» **Work item**: Retype the whole listing verbatim and keep the pictures out of it.

» **Stored data**:
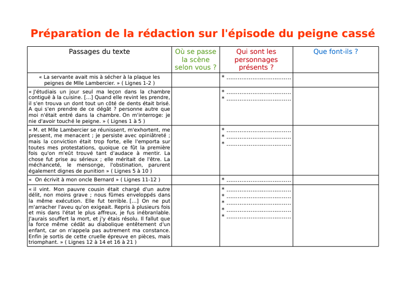 LUNDI 30 MARS Exercice sur l'épisode du peigne cassé : tableau de préparation de la rédaction
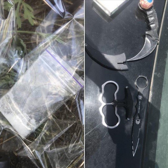 Во время поверхностной проверки у 28-летнего кременчужанина обнаружили предметы похожие на оружие, а у 27-летней кременчужанки пакет с вероятно наркотическим веществом.
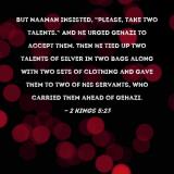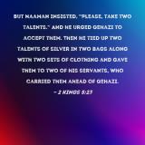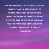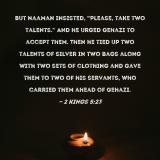 Pictures and Artwork But Naaman insisted, "Please, take two talents." And he urged Gehazi to accept them. Then he tied up two talents of silver in two bags along with two sets of clothing and gave them to two of his servants, who carried them ahead of Gehazi. |

» **Task output**:
 LUNDI 30 MARS Exercice sur l'épisode du peigne cassé : tableau de préparation de la rédaction
 Во время поверхностной проверки у 28-летнего кременчужанина обнаружили предметы похожие на оружие, а у 27-летней кременчужанки пакет с вероятно наркотическим веществом.
 Pictures and Artwork But Naaman insisted, "Please, take two talents." And he urged Gehazi to accept them. Then he tied up two talents of silver in two bags along with two sets of clothing and gave them to two of his servants, who carried them ahead of Gehazi. |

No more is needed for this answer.